● **EXERCISE PROMPT**
Both the line with "安価な外国人労働者の受け入れ" and the line with "功能操作:一人团组申报可由团" in the records below must appear in the output, along with every line between them, exactly and with nothing added.

● **RECORD EXTRACTS**
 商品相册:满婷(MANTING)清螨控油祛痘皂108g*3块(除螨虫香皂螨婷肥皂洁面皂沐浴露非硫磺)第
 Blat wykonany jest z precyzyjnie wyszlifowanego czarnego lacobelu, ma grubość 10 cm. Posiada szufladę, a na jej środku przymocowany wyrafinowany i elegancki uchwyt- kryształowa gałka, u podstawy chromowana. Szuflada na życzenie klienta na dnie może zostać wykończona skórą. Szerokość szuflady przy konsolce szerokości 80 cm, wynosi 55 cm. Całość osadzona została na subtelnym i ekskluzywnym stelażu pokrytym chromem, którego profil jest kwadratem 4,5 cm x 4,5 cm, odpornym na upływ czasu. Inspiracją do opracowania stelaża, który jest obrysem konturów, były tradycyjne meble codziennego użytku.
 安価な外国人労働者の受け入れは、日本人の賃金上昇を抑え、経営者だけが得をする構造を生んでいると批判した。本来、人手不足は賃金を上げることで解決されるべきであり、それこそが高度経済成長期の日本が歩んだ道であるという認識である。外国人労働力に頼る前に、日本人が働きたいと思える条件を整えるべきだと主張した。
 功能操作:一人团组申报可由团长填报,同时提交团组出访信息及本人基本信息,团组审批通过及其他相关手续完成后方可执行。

==

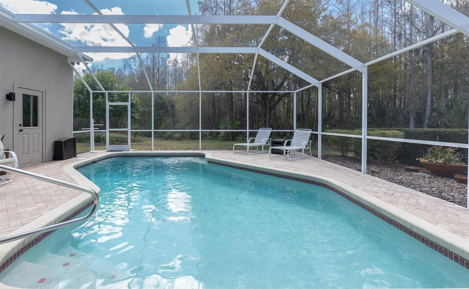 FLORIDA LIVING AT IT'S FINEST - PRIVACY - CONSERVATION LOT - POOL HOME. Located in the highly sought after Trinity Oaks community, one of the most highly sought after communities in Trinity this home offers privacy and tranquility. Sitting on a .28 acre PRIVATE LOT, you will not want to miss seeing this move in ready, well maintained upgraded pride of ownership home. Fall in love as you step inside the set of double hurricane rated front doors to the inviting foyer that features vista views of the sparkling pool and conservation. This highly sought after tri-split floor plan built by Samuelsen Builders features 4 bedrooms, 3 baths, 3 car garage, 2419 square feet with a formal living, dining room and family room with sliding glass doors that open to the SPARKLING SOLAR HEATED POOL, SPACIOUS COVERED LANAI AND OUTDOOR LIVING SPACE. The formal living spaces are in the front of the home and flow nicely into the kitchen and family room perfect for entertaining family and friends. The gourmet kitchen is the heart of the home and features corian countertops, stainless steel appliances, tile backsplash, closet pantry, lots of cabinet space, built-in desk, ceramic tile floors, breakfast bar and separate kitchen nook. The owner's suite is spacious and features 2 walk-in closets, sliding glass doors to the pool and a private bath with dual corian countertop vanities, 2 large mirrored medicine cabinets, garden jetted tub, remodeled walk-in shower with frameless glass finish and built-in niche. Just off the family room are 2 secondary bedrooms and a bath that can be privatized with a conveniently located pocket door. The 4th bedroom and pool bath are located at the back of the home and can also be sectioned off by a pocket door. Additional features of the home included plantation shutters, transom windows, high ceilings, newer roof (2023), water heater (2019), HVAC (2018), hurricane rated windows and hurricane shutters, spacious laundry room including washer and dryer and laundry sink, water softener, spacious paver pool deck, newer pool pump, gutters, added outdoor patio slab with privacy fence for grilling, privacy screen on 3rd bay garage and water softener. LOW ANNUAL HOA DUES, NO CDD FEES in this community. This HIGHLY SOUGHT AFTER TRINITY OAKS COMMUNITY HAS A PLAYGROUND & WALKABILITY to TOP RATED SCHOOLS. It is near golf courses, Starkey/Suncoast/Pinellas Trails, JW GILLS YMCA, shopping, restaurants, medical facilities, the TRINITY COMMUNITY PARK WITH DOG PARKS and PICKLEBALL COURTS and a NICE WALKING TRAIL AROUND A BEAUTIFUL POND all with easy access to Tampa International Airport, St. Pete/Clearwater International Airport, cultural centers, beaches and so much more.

...

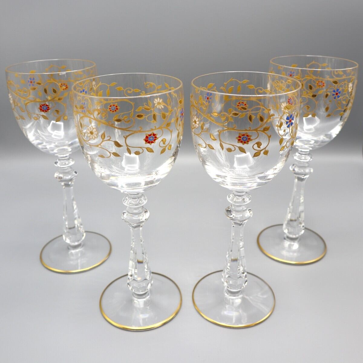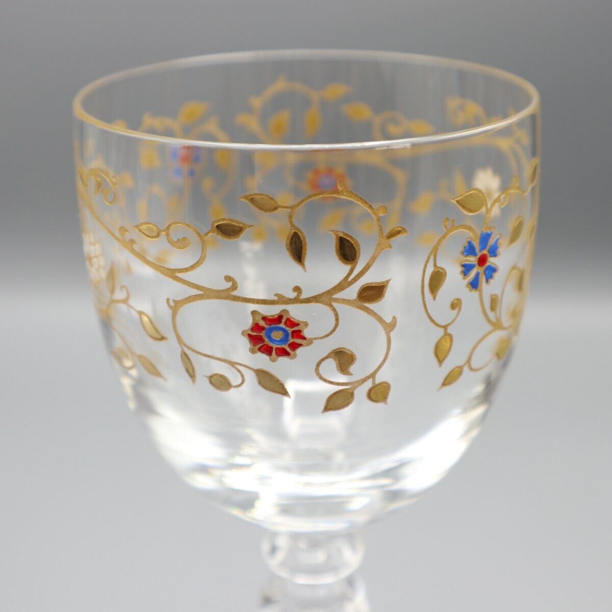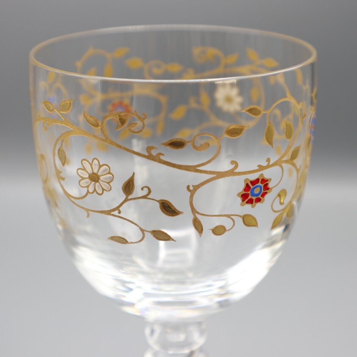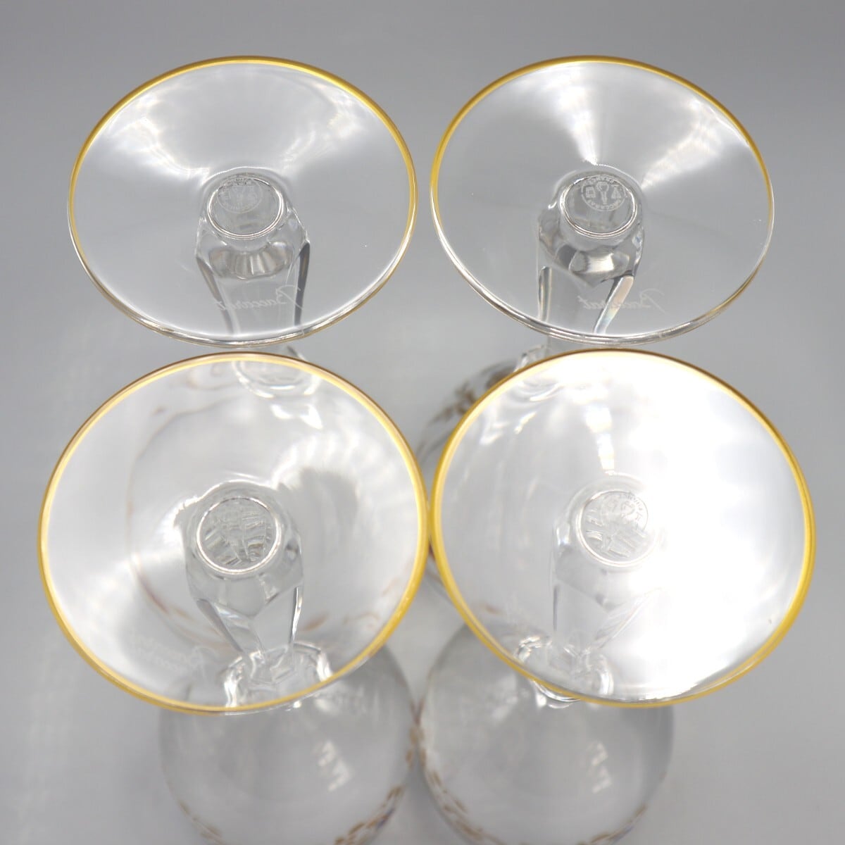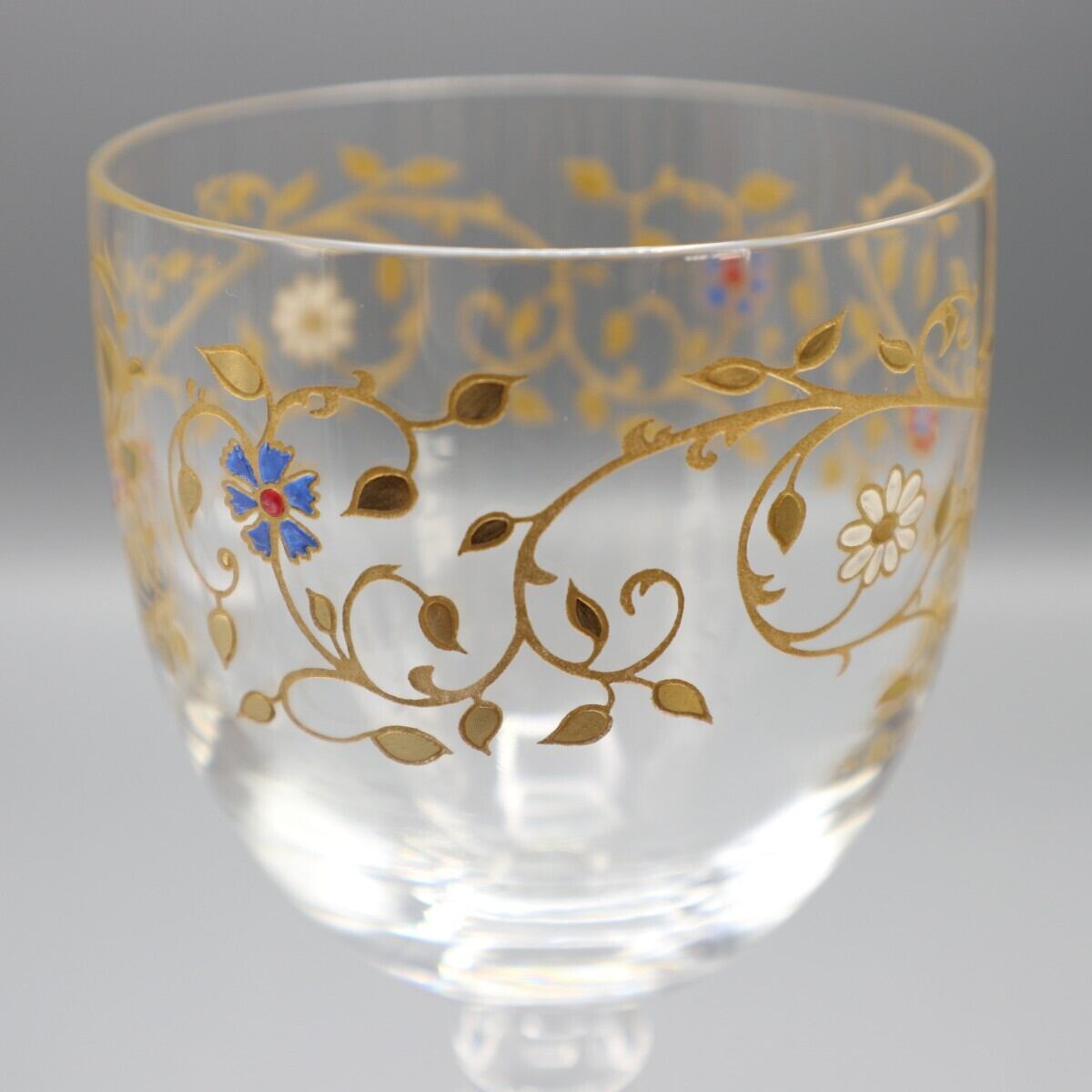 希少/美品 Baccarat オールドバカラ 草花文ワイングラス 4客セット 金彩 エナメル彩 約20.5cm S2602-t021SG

● **RESPONSE FOR THIS EXERCISE**
 安価な外国人労働者の受け入れは、日本人の賃金上昇を抑え、経営者だけが得をする構造を生んでいると批判した。本来、人手不足は賃金を上げることで解決されるべきであり、それこそが高度経済成長期の日本が歩んだ道であるという認識である。外国人労働力に頼る前に、日本人が働きたいと思える条件を整えるべきだと主張した。
 功能操作:一人团组申报可由团长填报,同时提交团组出访信息及本人基本信息,团组审批通过及其他相关手续完成后方可执行。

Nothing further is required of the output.